The continuous and interrupted bAac profile also shows difference in C termini between RTX and non-RTX proteins. For example, “D[FL],” “TL/LT,” “AxD,” “Tx[LT],” “TxxD,” and “Dxx[FI]” most frequently occur, whereas “R[RK],” “K[KA],” “AxR,” “Rx[RL],” “AxxR,” “Kxx[KE],” and “Rxx[QR]” are most strikingly depleted in the C-terminal 20-aa fragments of RTX proteins in contrast to non-RTX proteins (Figures 3B–D; Mann–Whitney U-tests with Bonferroni correction, p < 0.001; EBT_p < 0.001). As the observed C-terminal length increases (to 60 aa), the general bAac profile difference between RTX and non-RTX proteins remains or becomes more typical, with only a few changes. The main changes involve the reduced “L” and increased “G” combinations in the RTX C60 enriched list (Figures 3B–D). It is noted that either “GG” or “GxG,” which is supposed to be highly represented by RTX motifs, does not show the most significant different composition or occurrence in C60 between RTX and non-RTX proteins, suggesting that the observed different “G”-combination compositions are not due to the increased percent of RTX motifs in C60 of RTX proteins. In C110, however, the composition shows striking difference for both “GG” and “GxG” between RTX and non-RTX proteins (Supplementary Dataset 1).

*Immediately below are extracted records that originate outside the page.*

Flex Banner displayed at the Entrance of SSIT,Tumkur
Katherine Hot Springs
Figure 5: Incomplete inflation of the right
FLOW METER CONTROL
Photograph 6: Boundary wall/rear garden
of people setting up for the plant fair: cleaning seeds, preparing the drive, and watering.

Other independent non-RTX proteins datasets are also paired and the profile difference for Aac and bAac in C termini between RTX and non-RTX proteins shows large consistence.
Position-Specific Amino Acid Composition Features Buried in the C Termini of Repeats-in-Toxin Proteins
The C-terminal position-specific amino acid composition (psAac) profiles were also compared between RTX and non-RTX proteins. Generally, RTX proteins show much larger amino acid composition preference (Figure 4A). C20 and C21-60 in RTX proteins also show different preference profiles. C20 shows apparent preference for non-polar “L” and “A” while C21-60 more prefers polar “G” (Figure 4A). “D,” “S,” and “T” are preferred in both C20 and C21-60 of RTX proteins. The results are consistent with and explain the observations on sequential Aac and bAac in C termini of RTX and non-RTX proteins. Remarkably, the C-terminal endmost two positions in RTX proteins show the most typical psAac bias, with a pattern of non-polar hydrophobic “[FLI][VAI]” motif (Figure 4A).

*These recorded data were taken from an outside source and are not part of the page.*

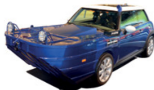
PRO275 1/43 Mini Cooper Yatchsman 2012 Blue Our youngest range offers an eclectic selection of models, namely American Cars of the 70's and 80's.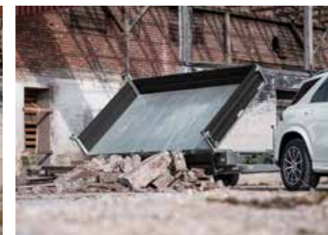
The HTK can be tilted backwards and sideways in a few simple steps.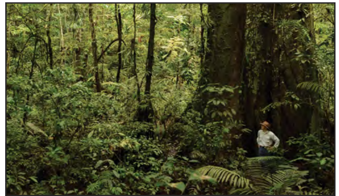
Traditional Medicine in the Amazon : pages 30-35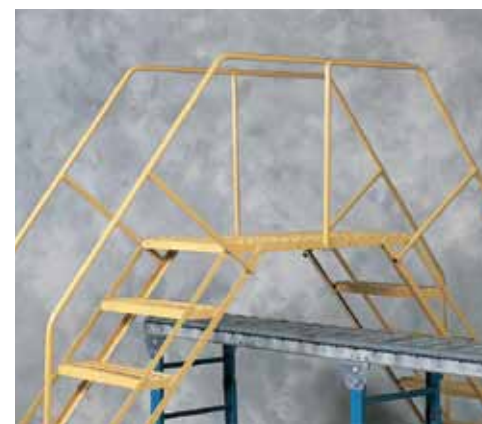
50° Crossover Ladders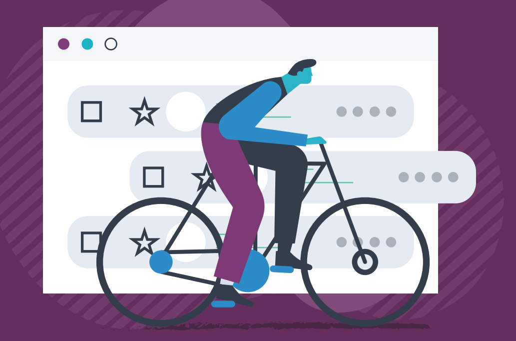
Find ways to integrate advanced tech into business processes to drive engagement.

Consider student loan reduction plans as part of your benefits package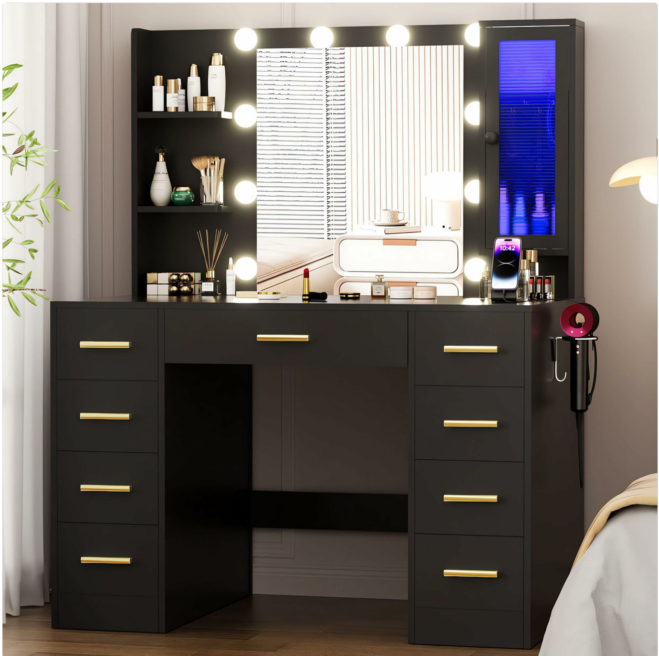
Image: ERLEJIA Vanity Desk. A full view of the black vanity desk, showcasing its large mirror with LED lights, multiple drawers, open shelves, and the overall modern design.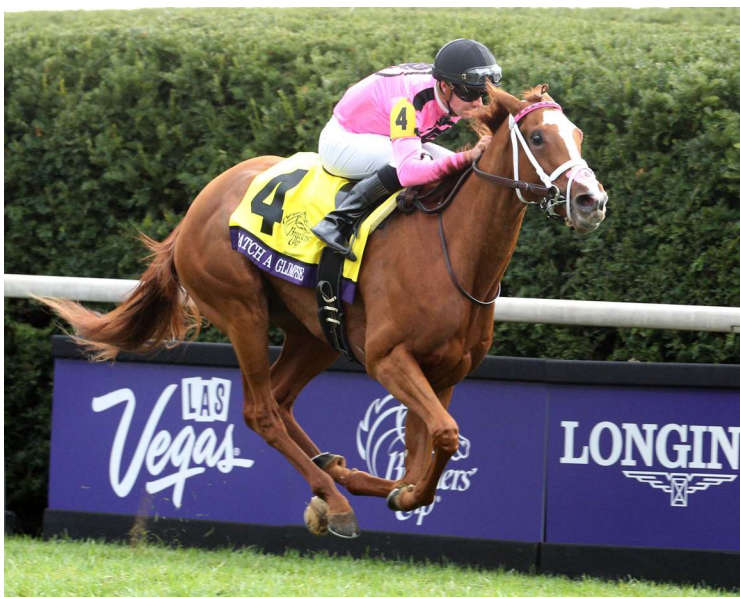
Catch A Glimpse

That history includes a win in the GI Breeders' Cup Juvenile Fillies Turf last year at Keeneland, and a nod as Canada's 2015 Horse of the Year, champion 2-year-old filly, and champion grass mare.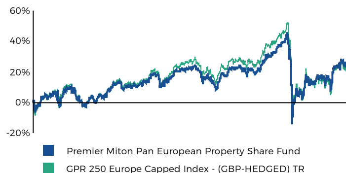
5 year performance chart 31.01.2016 - 31.01.2021

Past performance is not a guide to future returns. The price of shares and income from them can go down as well as up and you may not receive full return of your capital. Source: FE Analytics. Based on a total return, UK Sterling basis. On 20 January 2020, this fund moved from a single pricing basis (mid) to a swing pricing basis, which is where the price can swing to either a bid or an offer basis depending on the investment and redemption activity in the fund. This means the investor selling or buying fund shares bears the associated [dis]investment costs and protects the continuing holders in the fund. Performance could be shown on a combination of bid, mid or offer prices, depending on the period of reporting.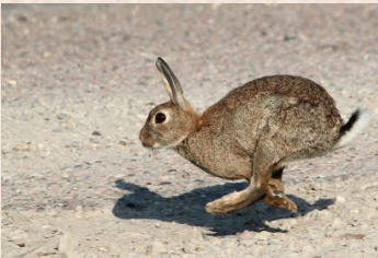
Rabbit, European Wild

Figure 4. Position-specific Aac and Sse profile difference between the C termini of RTX and non-RTX proteins. (A) Position-specific Aac profile of RTX and non-RTX proteins at C-terminal 60 positions. The strikingly specific bias Aac preference profile of RTX proteins with C termini and the C-terminal 20 positions of both RTX and non-RTX proteins are shown with pink background. The endmost C-terminal two positions with most typical sequence patterns are shown in red. (B) Position-specific Sse profile of RTX and non-RTX proteins at C-terminal 60 positions.

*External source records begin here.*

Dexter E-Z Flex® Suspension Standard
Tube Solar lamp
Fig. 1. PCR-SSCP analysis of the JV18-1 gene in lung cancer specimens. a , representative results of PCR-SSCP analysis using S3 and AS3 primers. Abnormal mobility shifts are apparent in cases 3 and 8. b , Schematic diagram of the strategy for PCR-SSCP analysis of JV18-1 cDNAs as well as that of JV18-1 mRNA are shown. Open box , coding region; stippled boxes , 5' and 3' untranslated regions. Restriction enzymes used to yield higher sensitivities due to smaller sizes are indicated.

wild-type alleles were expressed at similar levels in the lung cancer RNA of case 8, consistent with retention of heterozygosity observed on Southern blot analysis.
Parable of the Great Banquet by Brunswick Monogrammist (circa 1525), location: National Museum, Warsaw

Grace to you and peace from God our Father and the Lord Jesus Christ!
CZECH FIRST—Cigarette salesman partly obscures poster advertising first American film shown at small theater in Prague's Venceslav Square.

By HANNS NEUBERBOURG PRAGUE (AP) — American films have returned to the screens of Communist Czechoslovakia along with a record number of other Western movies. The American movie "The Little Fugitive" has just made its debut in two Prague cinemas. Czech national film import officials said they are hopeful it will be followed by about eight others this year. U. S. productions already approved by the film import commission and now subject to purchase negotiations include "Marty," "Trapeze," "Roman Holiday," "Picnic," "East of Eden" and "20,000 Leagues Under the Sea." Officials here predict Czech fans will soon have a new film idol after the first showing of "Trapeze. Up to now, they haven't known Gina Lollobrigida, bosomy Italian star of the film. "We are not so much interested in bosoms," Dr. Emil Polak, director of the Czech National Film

The psAac profile of C termini of RTX proteins and the difference between them and non-RTX proteins were confirmed with other, paired, independent negative datasets (Supplementary Figure 1). We also compared the psAac profile of N termini of RTX and non-RTX proteins (Supplementary Figure 2). There was a difference, but not as typical as that observed within the C termini. Moreover, until now there is no evidence suggesting the existence of type 1 secretion signals within N termini of the substrate proteins. Therefore, the N termini were not further studied in this study.
Enrichment of β-Strands and Depletion of α-Helices Within the C Termini of Repeats-in-Toxin Proteins
An apparent difference between the C termini of RTX T1SEs and non-T1SEs was the depletion of α-helices or enrichment of β-strands and coiled coils, no matter in C20 or C60 (Figure 4B). The solvent accessibility was not different between the RTX and non-RTX proteins within the C termini (data not shown). The different forms of secondary structure are likely related with the composition preference of residues. For instance, both polar “G” and non-polar “A” are enriched in β-strands, while “F” and “I” are not for beneficial for maintenance of the stability of α-helices (Figure 4A). It remains to be clarified whether the residue composition and structure features are associated with specific recognition of the proteins for specific type 1 secretion.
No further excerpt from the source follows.